If you're feeling defensive about lifting widgets & keyboards from Android and that doing security a little differently absolves Apple from thieving- I say run with it. In my view there is no need to feel defensive about it and no thieving occurred in the first place. Keyboards are a no-brainer. Widgets are very nice to have and I hope iOS users enjoy them. I'd think a bigger driver is that with the smaller screens of prior iPhones, there really wasn't an elegant use for widgets- your screen could really only show one thing at a time. Now that Apple is going with larger screens, widgets make more sense (and are a must imo) so add them and make them great.
More delusions that a casual reader might actually think are true. There's no reason to feel defensive about Apple implementing widgets and keyboards in the next release of iOS. You insinuate that they were stolen/copied/lifted from Android which is actually pretty laughable and this article does a good job of explaining why that's not true.
Myself, and I hope other members of this community reply publicly to posts that are filled with lies, misinformation or misleading remarks, not because we are defensive and feeling threatened, but more as a service to the casual reader who might otherwise think the information is accurate and factual.
I think it's indisputable that Apple does a MUCH better job of providing security updates to their users and getting those updates installed throughout their entire user base quickly and easily. How would you respond to this claim? Would you point out that there are 2 or 3 Android models in which this is possible - or would you word it in a way that misleads readers into thinking that this is something that is quick and easy to do on all Android phones?

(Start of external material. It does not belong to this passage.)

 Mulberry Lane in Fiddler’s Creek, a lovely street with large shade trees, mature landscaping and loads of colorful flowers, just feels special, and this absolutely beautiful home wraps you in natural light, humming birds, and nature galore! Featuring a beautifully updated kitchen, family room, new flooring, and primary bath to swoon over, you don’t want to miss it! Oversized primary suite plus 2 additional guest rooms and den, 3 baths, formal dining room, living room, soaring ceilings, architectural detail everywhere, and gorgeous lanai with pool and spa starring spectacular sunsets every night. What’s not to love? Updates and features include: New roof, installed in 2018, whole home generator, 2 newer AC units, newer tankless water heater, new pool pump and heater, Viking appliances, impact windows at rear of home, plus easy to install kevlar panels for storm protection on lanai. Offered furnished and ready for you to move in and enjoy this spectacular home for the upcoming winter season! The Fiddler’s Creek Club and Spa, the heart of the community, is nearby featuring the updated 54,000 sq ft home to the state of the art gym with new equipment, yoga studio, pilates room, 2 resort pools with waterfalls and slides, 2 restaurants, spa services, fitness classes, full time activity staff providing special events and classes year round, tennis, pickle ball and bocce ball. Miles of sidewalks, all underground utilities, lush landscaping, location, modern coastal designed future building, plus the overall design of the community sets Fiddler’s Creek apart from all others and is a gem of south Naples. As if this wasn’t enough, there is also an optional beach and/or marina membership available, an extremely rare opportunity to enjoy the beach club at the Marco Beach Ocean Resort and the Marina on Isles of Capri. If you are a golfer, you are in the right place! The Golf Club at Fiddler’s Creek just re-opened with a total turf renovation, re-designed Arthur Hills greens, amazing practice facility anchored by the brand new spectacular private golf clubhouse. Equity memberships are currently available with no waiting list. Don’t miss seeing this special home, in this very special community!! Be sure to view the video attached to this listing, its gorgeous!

Getting back to the security debate, I still don't understand how a handful of people can show up here and post comments that directly contradict the industry experts without telling us what their personal credentials are or explaining why they know more than the 'experts' know. To me, it just sounds like a lot of wishful thinking. A quick Google search for 'Android vs iOS security' overwhelmingly return results that support the "common knowledge" that security is a secondary concern for Android. Here are a handful of headlines and quotes from this year:
Symantec - April 2014 - http://community.norton.com/t5/Norton-Protection-Blog/Android-vs-iOS-Which-is-More-Secure/ba-p/1122152
"If we’re talking purely about the level of threat that exists on the two platforms, it would seem iPhone and iPad users have the better side of the deal"

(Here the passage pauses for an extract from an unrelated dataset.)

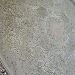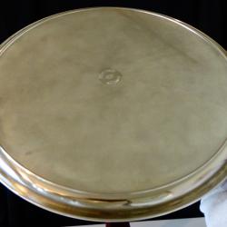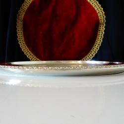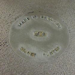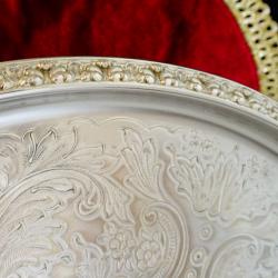 Стар меден поднос, плато, съд за сервиране, табла, изработен от масивна чиста мед, дебело посребрен с висока проба сребро, родиран за блясък и трайност. Маркиран с печат Ianthe/Made in England/Sylver Plate. Компанията е създадена през 1950 година в Бирмингам и работи до 1970 година. Изработката на подноса отразява характерната за марката английска елегантност, декориран с викториански приказно красиви релефно гравирани орнаменти и рози по периферията. Диаметър 29 см., височина 1.5 см., тегло 820 гр.

Apple Insider - Feb 2014 - http://appleinsider.com/articles/14/02/27/apple-touts-secure-design-of-ios-as-google-chief-admits-android-is-best-target-for-malicious-hackers
"Speaking at Mobile World Conference, Google's new Android chief Sundar Pichai admitted that security plays second fiddle to "freedom" in the design and implementation of Google's mobile operation system, exposing Android users to an overwhelming, disproportionate share of malware vulnerabilities."
DroidReport.com - Feb 2014 - http://www.droidreport.com/android-vs-ios-security-6137
"With Google Android, manufacturers can modify the carrier releasing the device. This then causes Android devices to become more at risk due to poor or unwanted UI modifications."
Cybernet - Cyber Security Division - Oct 2013 - http://cybersecurity.cybernet.com/blog/2-reasons-iphone-secure-android/
"Love it or hate it, not only is iOS more secure than Android today, but its position as the front runner in security will continue to grow for the foreseeable future."
From your post it's not clear if you're aware that Android apps must ask to use your location data, photos, contacts, etc. as well.
The difference is that iOS forces apps to ask permission when they need it, creating a relationship between what they are asking for and why they need it (As is "I'm accessing your contacts to look for friends, ok?"). And users can say no, and the app will continue working (although might not be able to do all it wants to/can do).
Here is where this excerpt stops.